Trichofolliculoma is usually asymptomatic,^3,4 so treatment is usually not necessary.^4,5 However, trichofolliculoma may cause disfigurement and the treatment of choice is surgical excision. The prognosis is good and recurrence after excision has been reported only rarely.^4,5 Trichofolliculoma is considered a benign tumor, but one case of perineural invasion of the cheek was reported by Stern and Stout in 1979.^1,3-5 Although Stern and Stout mentioned that perineural invasion in itself does not indicate malignancy, they emphasized long-term follow-up in cases with perineural invasion. ¹

The differential diagnosis of trichofolliculoma includes hair follicle nevus, trichoepithelioma, accessory tragus, sebaceous cyst, epidermal cyst, molluscum contagiosum, dilated pore of Winer, pilar sheath acanthoma, and basal cell carcinoma.^3,4 Trichofolliculoma is intermediate in differentiation between hair follicle nevus and trichoepithelioma; the former is simple hyperplasia of the hair follicle, while the latter lacks a mature hair follicle.^1,2,4 If hair is not present in trichofolliculoma, it may be misdiagnosed as a sebaceous cyst, melanocytic nevus, molluscum contagiosum, or basal cell carcinoma. ⁴

Hair follicle nevus and accessory tragus are the most difficult conditions to differentiate from trichofolliculoma histologically. ⁴ They have similar characteristics to trichofolliculoma with varying amounts of hair follicles and connective tissue in the subcutaneous fat. Trichofolliculoma shows a central cyst and radiating hair follicles. Accessory tragus is composed not only of the pilar complex but also of cutaneous appendages. In most accessory tragi, there is a central cartilage. If the lesion is located in a preauricular area at birth, or contains a cartilaginous portion, it could be an accessory tragus.
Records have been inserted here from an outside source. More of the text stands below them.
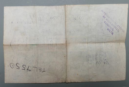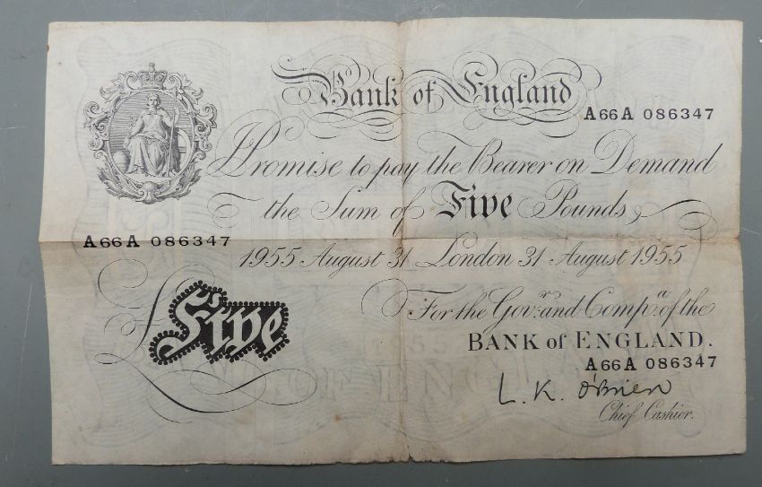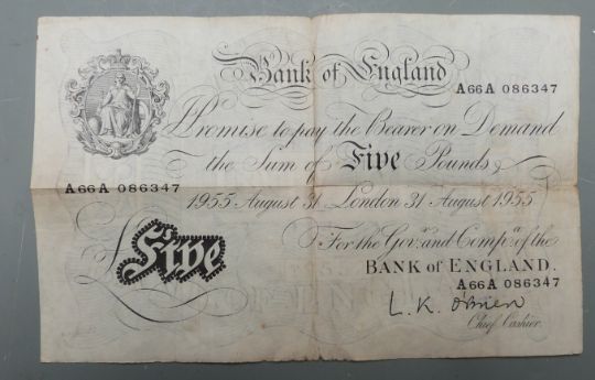 L K O'Brien 1955 white five pound note 31/8/55 no. A 66A 086347, folded, shop stamped verso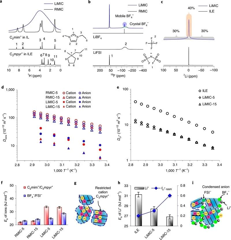 (a)純IL(C2mimBF4)、ILE(C3mpyrFSI和50 mol%LiFSI)、RMIC和LiMIC中陽(yáng)離子的1H NMR光譜;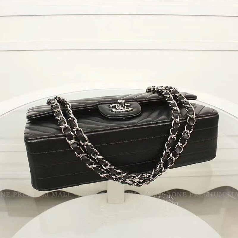 • 샤넬 쉐브론 램스킨 플랩 백A1112 -블랙/실버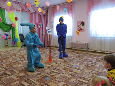 13 марта компания «Театро» представила вниманию наших воспитанников театрализованное представление «Правила дорожного движения со смешариками». Веселые и любопытные герои мультфильма «Смешарики» вместе с детьми повторили правила дорожного движения, а так же узнали много нового и полезного о правилах дорожного движения. В подарок от гостей ребята получили светоотражающие браслеты.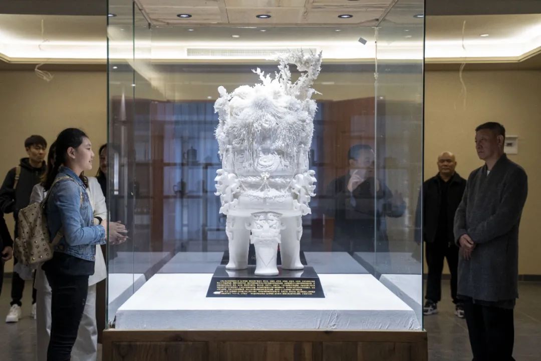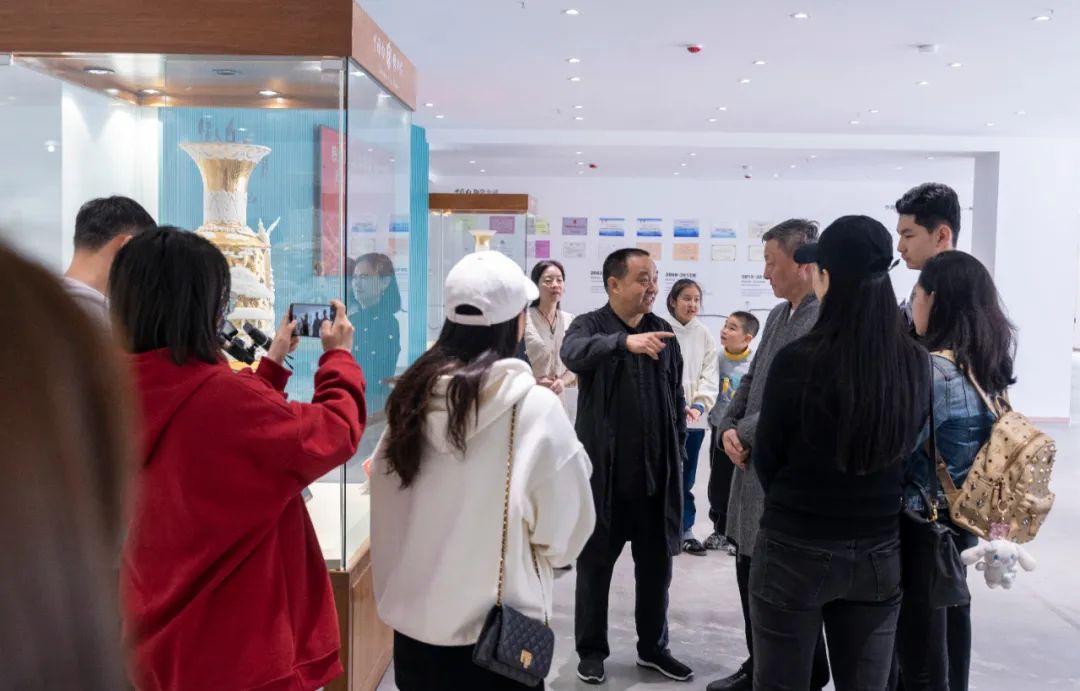 韓磊老師一行邊看邊聽,都為中國白陳仁海團(tuán)隊所創(chuàng)作的一件件匠心之作贊嘆不已,在價值5.6億元、上海世博會鎮(zhèn)館之寶《世博和鼎》前,客人們贊嘆道:“30個人制作了3年,才碰巧燒出這一件呀,真難得!真不愧是‘千年一寶、世界瓷王’!”他們紛紛拿起手機(jī)拍照留念。

In contrast, if a lesion without radiating hair follicles and a central cyst is located in an atypical area for accessory tragus and lacks cartilage, it could be a hair follicle nevus.^4,6

Trichofolliculoma should be considered in cases with a central pitted nodular mass containing a hair and with velli around the central cyst. Histopathological diagnosis is mandatory after excision, and long-term follow-up may be necessary in cases with evidence of perineural invasion on microscopic examination.